Myocardial perfusion imaging with nuclear tracers is well established in the diagnosis and prognostic assessment of patients with known or suspected coronary artery disease (CAD) (1). More extensive perfusion abnormalities are associated with more severe CAD and a greater risk for important cardiac events. The summed stress score (SSS) is a commonly used semiquantitative technique that combines the extent and severity of perfusion abnormalities into a single measure and has been shown to provide risk stratification in patients undergoing SPECT myocardial perfusion imaging (2). Most studies examining SSS as a prognostic tool have relied on a visual grading system. More recently, computer software has emerged for computing the SSS with minimal operator intervention, and we have previously reported close agreement between the visual and quantitative assessments of perfusion (3). One widely used software package (QPS AutoQUANT; ADAC Laboratories) has been reported to provide valid prognostic stratification (4–6). These reports come from the center that developed the commercial package and used rest 201Tl/exercise 99mTc-sestamibi dual-isotope myocardial perfusion SPECT. It is important to verify that the automated SSS will perform as well in other centers and patient populations using 99mTc-sestamibi, single-isotope SPECT. Our objective was to assess the ability of the automated SSS to predict important clinical cardiac events and to determine whether that information was additive to the visual assessment.
MATERIALS AND METHODS
Study Population
The population for this retrospective analysis was selected from 1,027 consecutive patients who had nuclear perfusion stress testing performed at St. Boniface General Hospital between January 1, 1994, and April 20, 1999, on a single imaging system (Elscint 409). The vast majority of these scans (>90%) were performed before 1997, since, after this date, the camera was used only as a back-up system. Patients were excluded if the scan was limited to planar images (n = 3), if images could not be reprocessed due to corrupted archive media or poor-quality image data (n = 104), or if all imaging was not complete on the designated camera (n = 33). Additional patients were excluded if the stress test was not a standard protocol (nitroglycerine sestamibi viability scanning or dobutamine stress, n = 4), the patient was not a Manitoba resident (n = 35), or personal identifier information was insufficient to allow for unambiguous linkage to the Manitoba Population Health Research Data Repository (n = 105). For patients who underwent >1 scan during the study period, we used only the first scan (n = 25). This left 718 patients for subsequent analysis. Approval for this study was granted by the Health Research Ethics Board of the University of Manitoba, by the Health Information Privacy Committee of Manitoba Health, and by the Research Review Committee at St. Boniface General Hospital.
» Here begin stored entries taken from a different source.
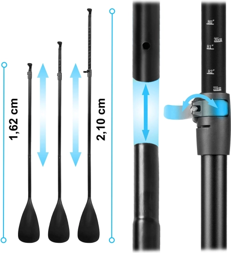 • Hurtig klargøring – universel ventil, dobbelthandlingspumpning og nem længdejustering af pagajen med låseklemme.
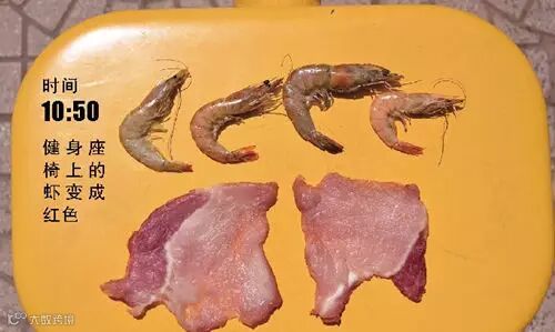 记者做了实验,放上去的生虾半个小时就烤熟了,而两片猪肉也到了5分熟的标准!
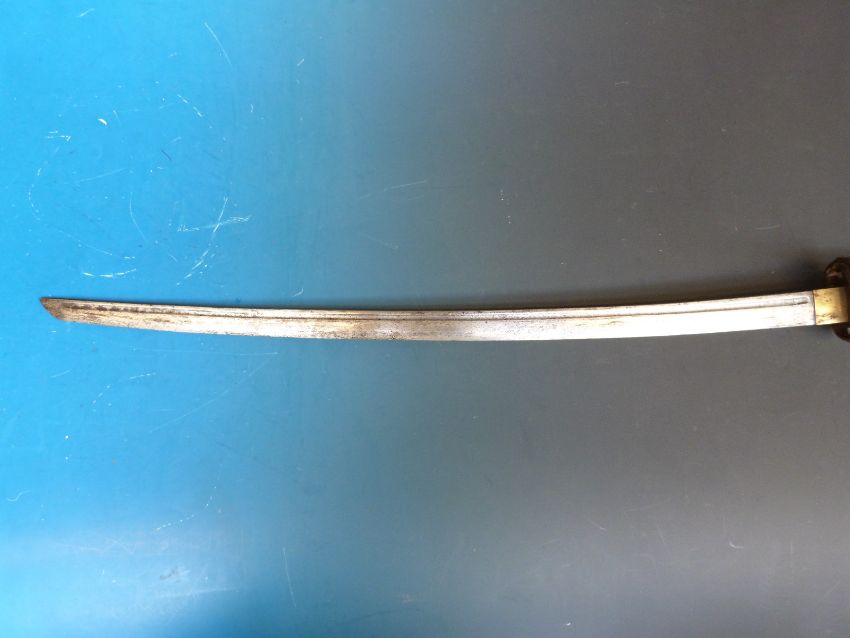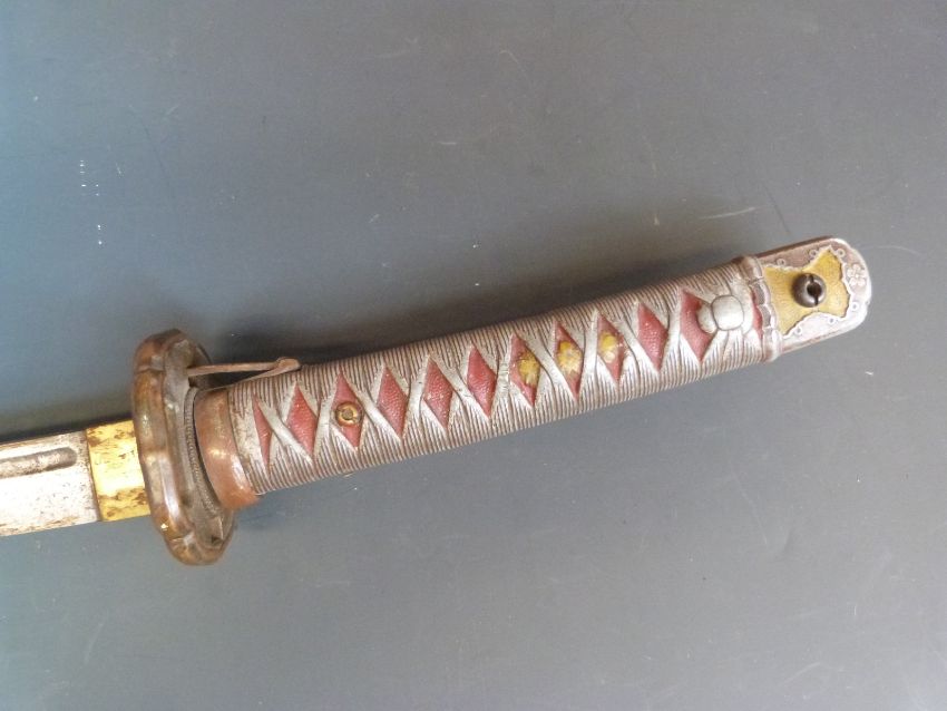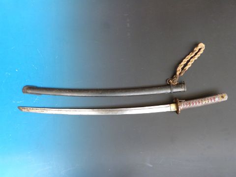 A WW2 Japanese officer's sword in sheath with braided rope lanyard (blade 70cm long)
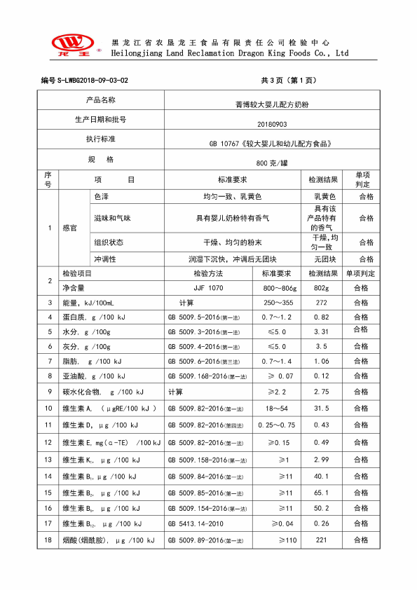 2018年(nián)9月(yuè)份菁博較大(dà)嬰兒(ér)配方奶粉800克
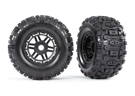 Black wheels, dual profile (2.8" outer, 3.6" inner), Sledgehammer tires, foam inserts) (2) (17mm splined)
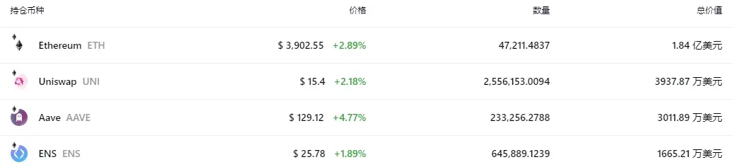 据 Rootdata 统计的 26 个 a16z Crypto 链上地址,截止发文前,a16z Crypto 持有的最大仓位是 UNI 代币,大约 4400 万枚(价值 5.75 亿美元),并且分布在多个地址。因持有 UNI 占比太多,a16z 曾陷入 Uniswap 提案治理风波。
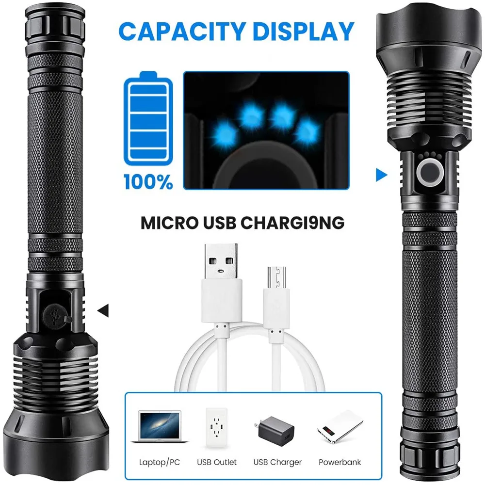 Супер светильник-светильник: 20000 высокий световой поток, светильник светодиодный, лампа обеспечивает яркий светильник, мощный луч. Легко светильник на всю комнату или фокусируется на предметах до 1000 футов! Подходит для домашнего и наружного использования, прогулок с собакой, ночного использования и экстренного использования. Лучший подарок для мужчин и мальчиков
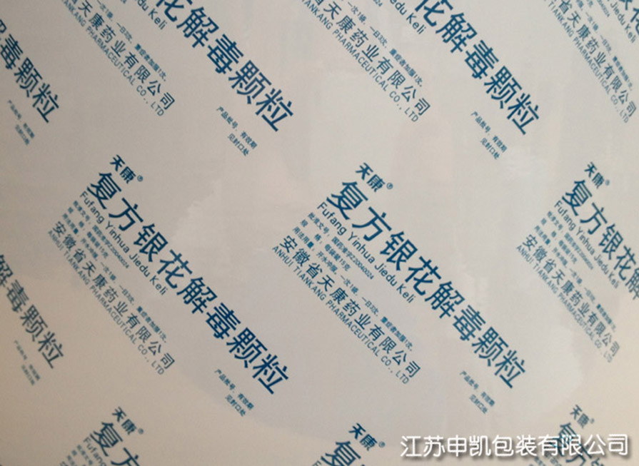 用于粉劑、顆粒劑、片劑、中藥飲片、透皮貼劑和醫療器械等包裝,它既能保持單層薄膜的優良特性,又能克服各單膜的不足,具有優良的特性,印刷性能比較清晰,能滿足不同包裝內容物對包裝的要求。
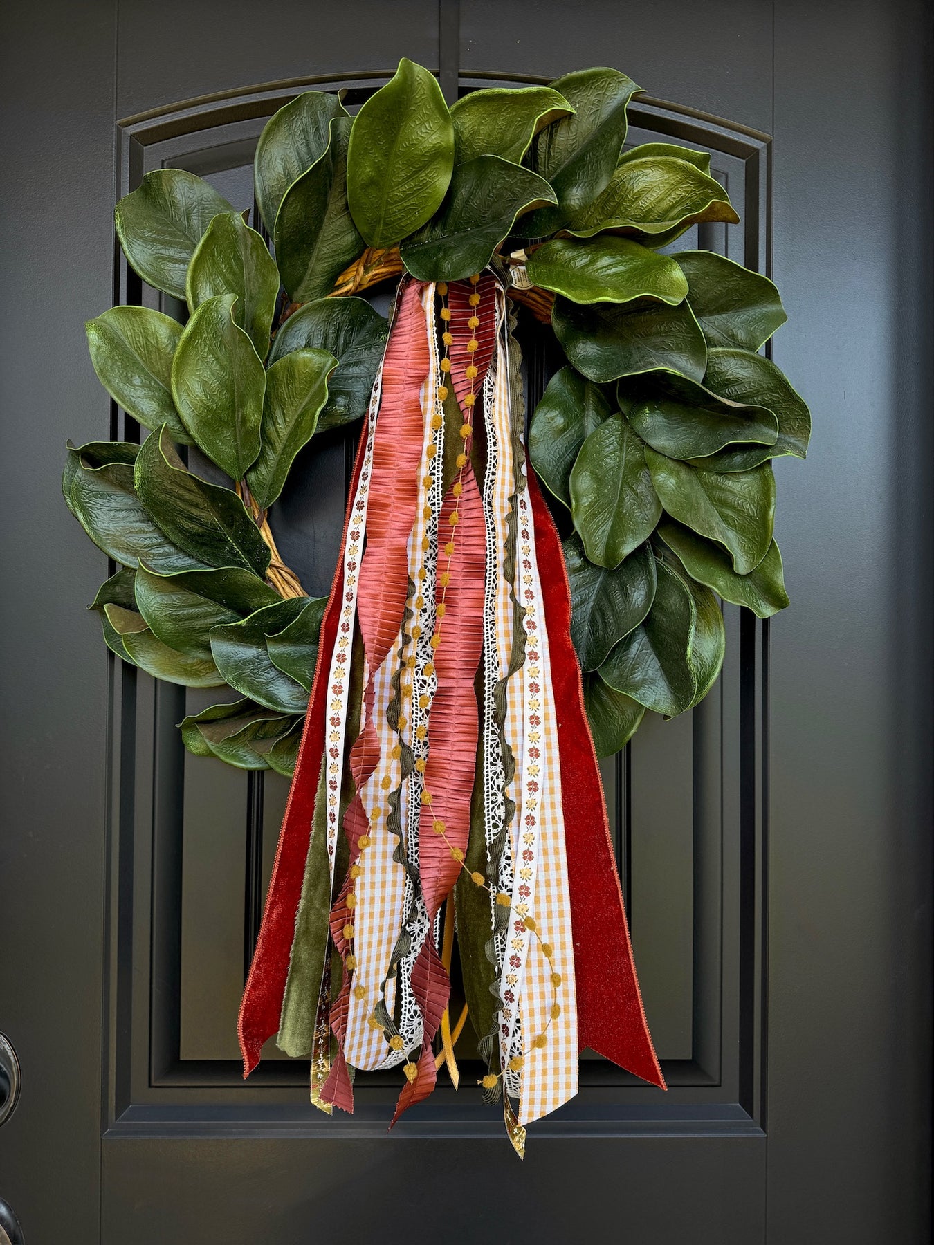 Our Applewood Charm Long Ribbons are perfect for wreaths, garlands, and bannisters—offering flow and movement with layers of gingham checks, floral trims, pom details, and velvet textures. Designed to capture the feeling of a golden fall afternoon, these ribbons add charm and dimension wherever you style them.
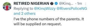 He added: “Is there any NGO or government organisations to take up this case, please. @RiversPoliceNG @PoliceNG @PoliceNG_CRU is there anything you can do?
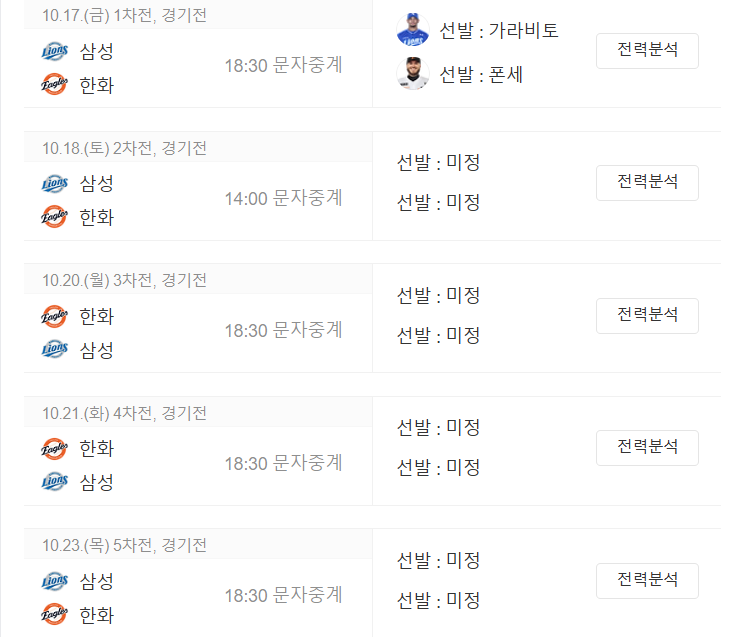 삼성과 한화 모두 한국시리즈(코리아시리즈)를 대비하기 위해서 5차전까지 가고 싶지 않을 것이다. 하루라도 더 휴식 기간을 가지기 위해서는 3~4차전 내로 승부를 결정짓는 게 좋다.
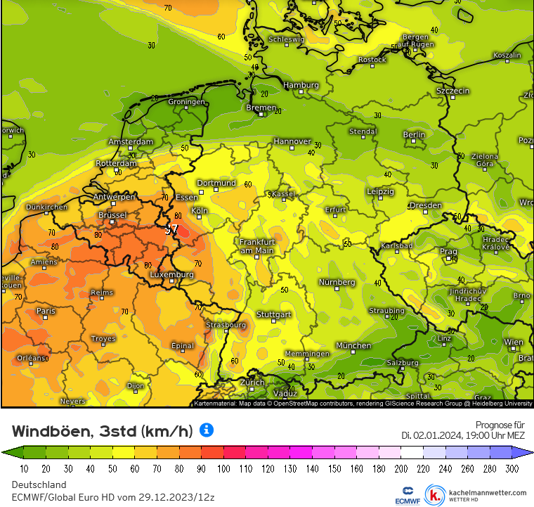 Dat ziet er toch redelijk fors uit voor het binnenland. Wel vooral in Belgie in deze run.
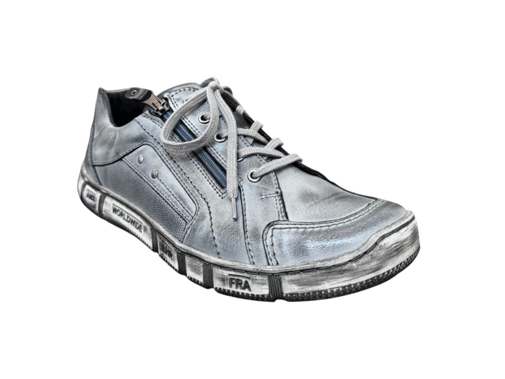 Pánské celoroční zdravotní polobotky Kacper šedá/modrá – typ K (šíře K) pro široké chodidlo a celodenní komfort. Moderní kožený model má módní flexiblovou podešev s designovým efektem, která tlumí došlap a podporuje přirozenou chůzi. Velkou výhodou je zip na nártu: obouvání je rychlé, pohodlné a ocení ho muži s otoky nebo ti, kteří nechtějí stále zavazovat tkaničky. Uvnitř je vyjímatelná kožená stélka, takže můžete vložit i vlastní ortopedickou vložku.

Stress Protocols and Imaging
The stress procedures used in our laboratory have been previously published (3,7). Most of the tests were performed using a 2-d protocol (n = 679), with a small number of patients performing same-day stress testing (n = 39). Whenever possible, β-blockers and calcium-channel antagonists were discontinued 24–48 h before testing and nitrate compounds were also stopped at least 6 h before testing. Treadmill exercise was symptom limited, with exercise intensity adjusted to match the patient’s exercise capacity. At peak exercise the patient was injected with 99mTc-sestamibi followed by 1–3 min of exercise after injection. If the patient was deemed unsuitable for exercise stress, dipyridamole (0.56 mg/kg) was administered via continuous intravenous infusion over 4 min with 99mTc-sestamibi injection after a further 4½-min delay. If possible, supplementary treadmill exercise was performed after dipyridamole infusion. Supine, nongated SPECT images were acquired approximately 30–60 min after stress and 45–75 min after a resting injection.
Image Interpretation
The original scan images were processed and reconstructed using conventional vendor software and reviewed on both the computer workstation and on single-emulsion film. The initial clinical interpretation was provided by a pair of nuclear medicine specialists with extensive training and experience in cardiac nuclear medicine who jointly reviewed and reported each scan. At the time of the initial reading, the results were categorized as normal, equivocal, abnormal with fixed defects, abnormal with fully reversible defects, or abnormal with partially reversible defects. For the subsequent analysis, the “equivocal” category was combined with the “normal” category. No image quantification was available at the time of the initial interpretation.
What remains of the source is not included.